Because an ETF tracks the performance of a group of companies, it is typically less risky because if a few companies are not performing well, all other companies tracked by the ETF can still average out the performance of the ETF as a whole, or render the “badly” performing companies insignificant.
The most popular ETFs are usually those that track S&P 500, which has historically increased in value over the past 40 years.
Technically, there are many classifications of ETFs, from speciality ETFs, commodity ETFs, fixed-income ETFs, equity ETFs, the list goes on. However, as a beginner in the stock market, I believe there’s no need to look into all of these classifications too much just yet because it only creates a veil of complexity that would stop you from investing in the first place as an everyday investor.

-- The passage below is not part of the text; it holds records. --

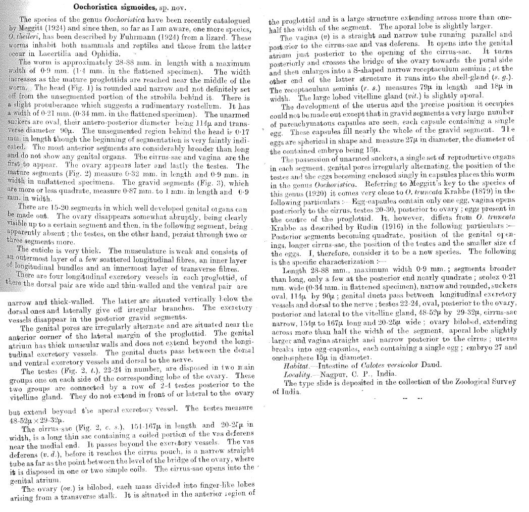 Moghe, M. A. 1926. Two new species of Cestodes from Indian Lizards. Records of the Indian Museum (a Journal of Indian Zoology) 28: 53-60. (4171) Download PDF |
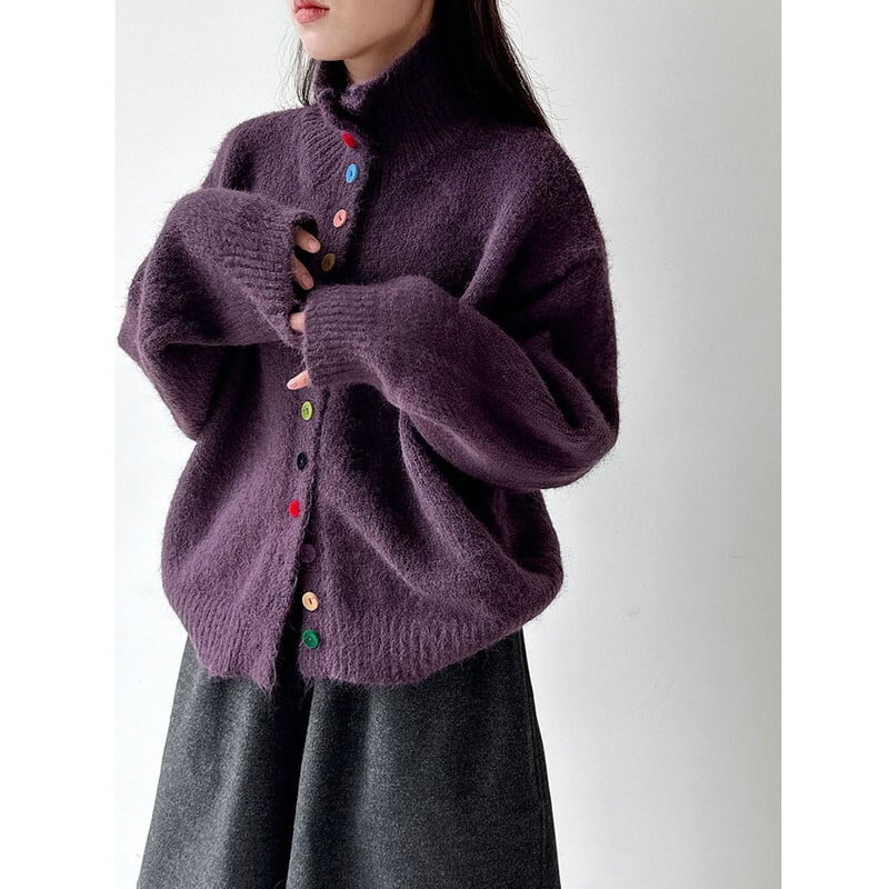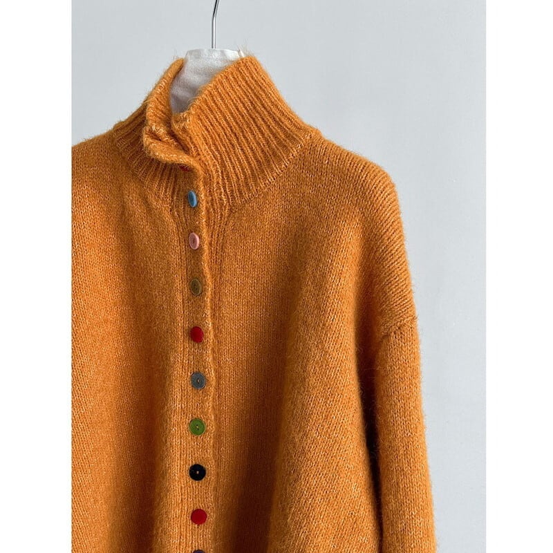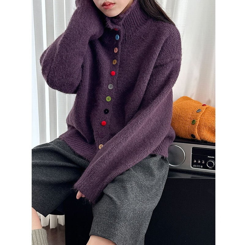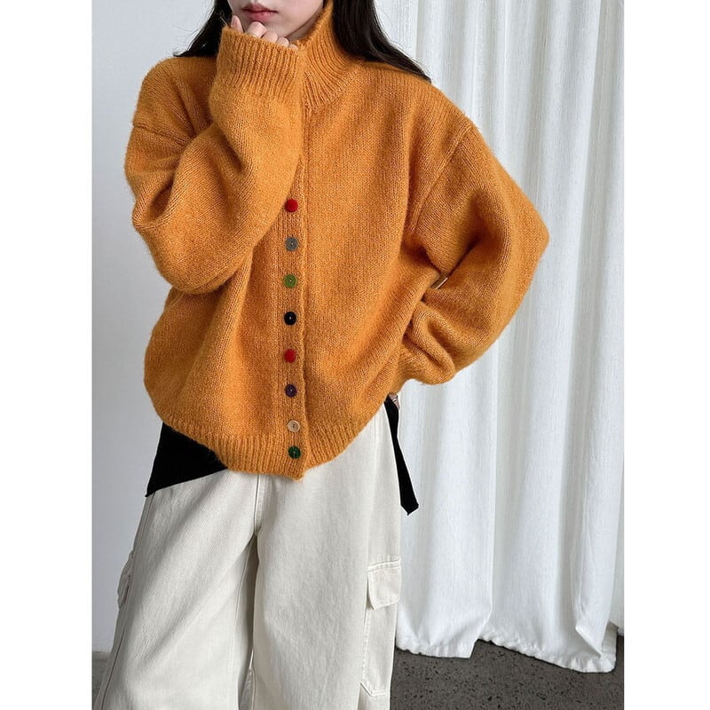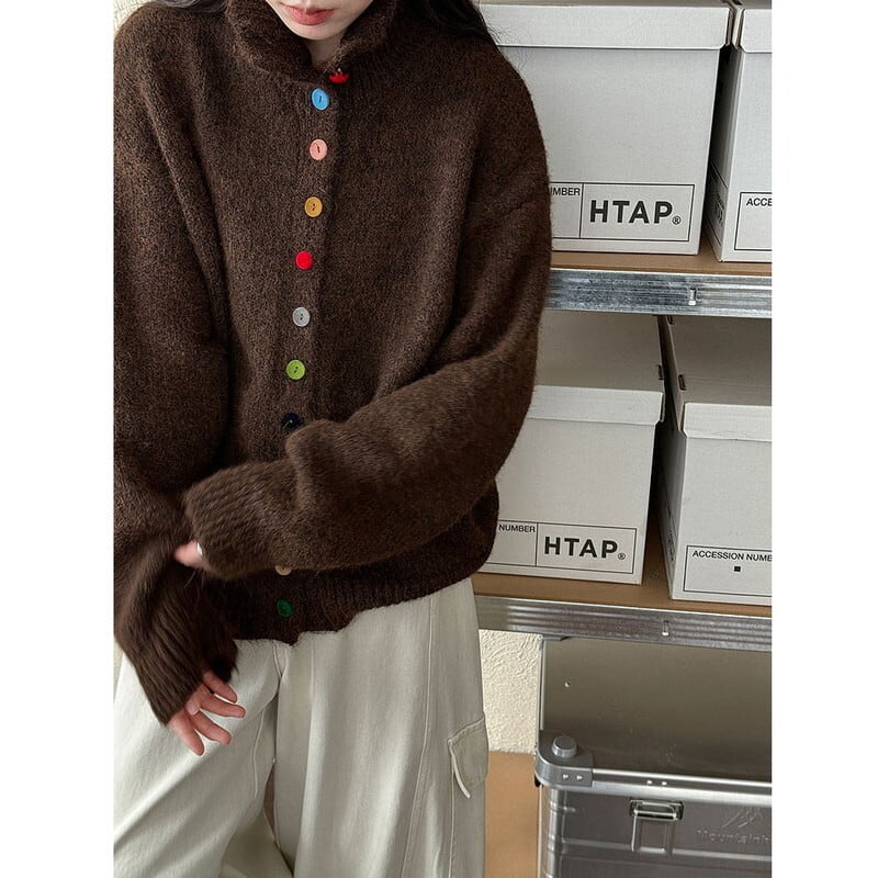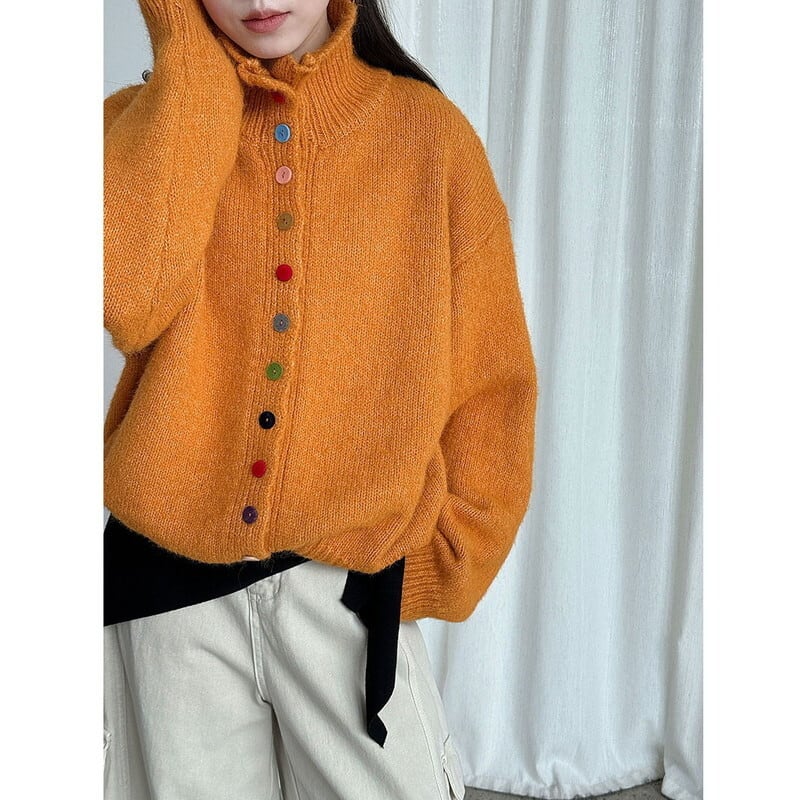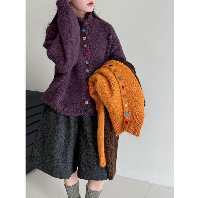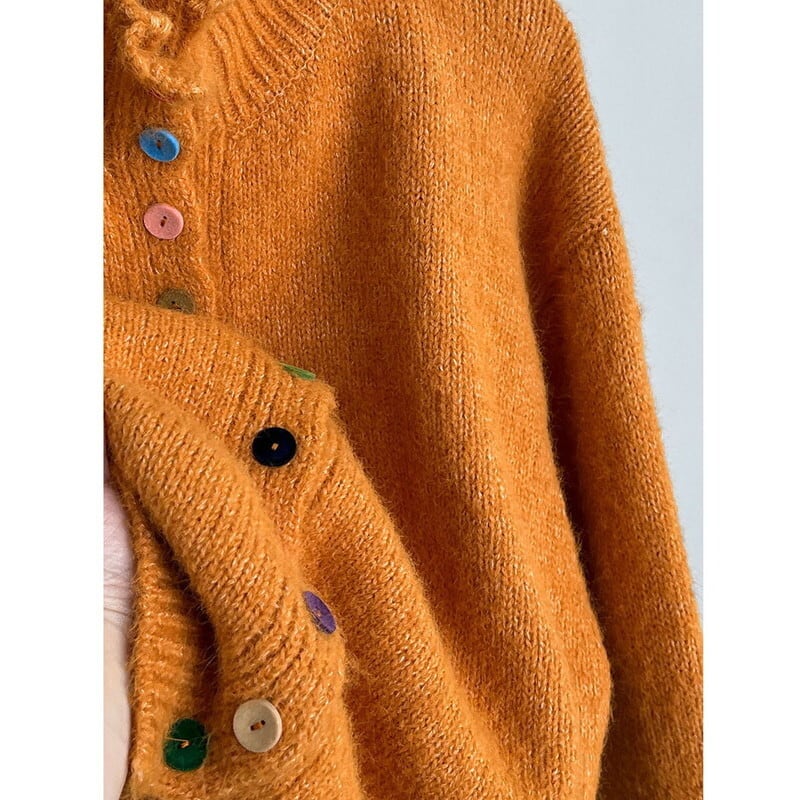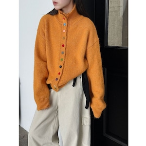 カラフルなボタンがアクセントになった遊び心あふれるニットカーディガンです。
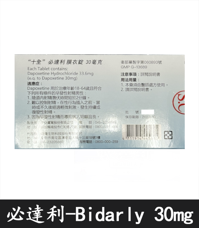 - 主要成分:含有 達泊西汀(Dapoxetine),與「必利勁」相同,專門用於改善早洩問題。

A classification of ETFs that would otherwise benefit beginners is simply the knowledge that there are ETFs in various economy sectors. For example, there are bank ETFs that track the performance of a collection of bank institutions. There are also energy and oil company ETFs, gold and precious metal ETFs, real estate ETFs, cryptocurrency ETFs, and more. All of these are indirect ways to invest in sectors that you have confidence in.
How to Buy ETFs?
Investing in ETFs these days are much simpler than it was in the past. All you need is:
- A smartphone
- Be the age of majority in your country/state/province of residence
- A bank account
- A stock/ETF investment app
Which Investment App Should I Use?
The answer to this would vary between different countries, so it might be a good idea to do some research on online forums and social media for an investment app that is commonly used in your country of residence. For example, in Canada, Wealthsimple is amongst the most popular investment app for beginners and seasoned investors. In the U.S, apps like Charles Schwab and Fidelity are used pretty often.
Which ETFs Should I Buy?
The typical advice that is often given for beginners is to invest in ETFs that track S&P 500, such as VOO (Vanguard 500 Index Fund ETF), because it has historically performed well and you are essentially investing in 500 largest U.S. companies that are probably not going anywhere anytime soon. VOO is a U.S.-listed ETF, and if you do not reside in the U.S., you might still be able to purchase it but possibly with additional currency exchange fees or taxes, depending on your country of residence and the investment broker service that you are using.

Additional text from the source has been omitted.